Keyword Extraction is a technique to automatically detect important and relevant words from the text stored in a field.
The Keyword Extraction stage in Indexing Pipeline to identify a set of keywords from a source field and save the identified keywords in a target field. Use the target field to identify the intention of the search user better.
SearchAssist applies various NLP algorithms to extract keywords.
- Define a condition for the keyword extraction stage. SearchAssist extract keywords only from the documents that satisfy the given condition.
- Re-order or delete keyword extractions.
- Simulate the changes before saving them.
To configure for keyword extraction, take the following steps:
- Click the Indices tab on the top.
- On the left pane, under the Index Configuration section, click Workbench.
- On the Workbench (Index Configuration) page, on the Stages column, click the + icon.

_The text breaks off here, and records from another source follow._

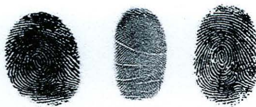
Figura No. 3.- Huellas mal tomadas, ilegibles o difíciles de leer

Figura No. 2.- Huellas tomadas correctamente:
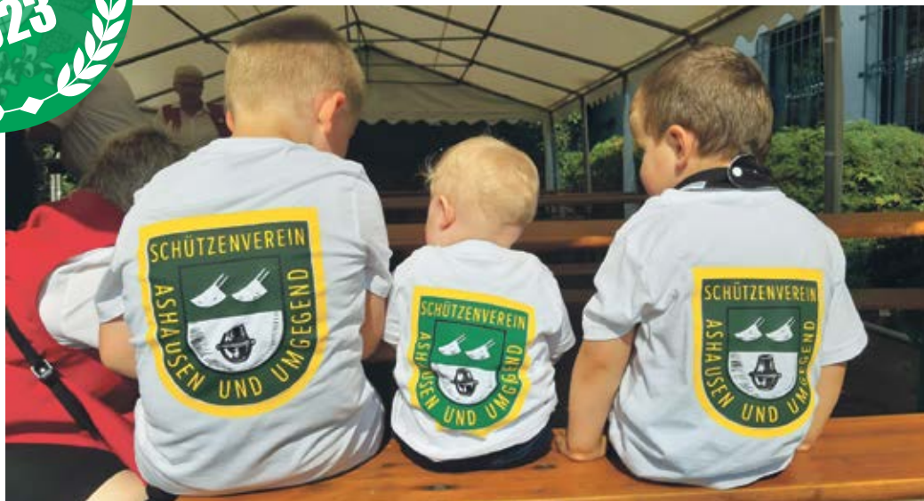
Der Nachwuchs steht schon in den Startlöchern.

(in). Ashausen. Wenn die Ashausener Schützen feiern, dann richtig! Ein buntes Programm sorgt für Stimmung pur. Los geht es am Freitag, den 4. August. Ab 15.30 Uhr ist der Festplatz für
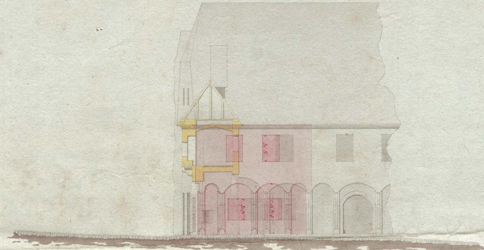
Längenschnitt nach der Linie C-D.
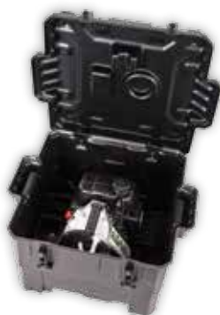
PCA-0100 Spesial bygget transport og oppbevaringskasse for PCW5000 med støpte rom for mange tilbehør.

- Select Keyword Extraction from the Stage Type dropdown.
- Enter a name in the Stage Name field.
- Enter a condition in the Condition field. You can add multiple conditions using the AND/OR connectors. SearchAssist considers only the documents that satisfy the conditions part of the stage. Refer Conditions for Keyword Extraction.
- Select the field you want to extract keyword from as Source Field
- Name the Target Field where you want to store the extracted keywords. The application creates this field. The following models are supported:
- Topic Rank – it’s a method to extract keyphrases from the most important topics of a document.
- Position Rank – it’s a method to capture both highly frequent words or phrases and their position in a document.
- Multi-partite Rank – it’s a keyphrase extraction method that encodes topical information within a multi-partite graph structure.
- Click Simulate to verify the configurations. The simulator displays the Source and the number of documents to which the mapping was applied, and the result. You can change the Source and the number of documents if there is no mention in the conditions.
- Once ready, click Save Configuration on the upper-right.
Conditions for Keyword ExtractionCondition is of the following format: ctx.field_name==value or ctx.field_name!=value.
Obtain the field_name from the Fields table under Index Configuration.
For example, ctx.contentType==”web” to restrict the extraction from the content from a web source.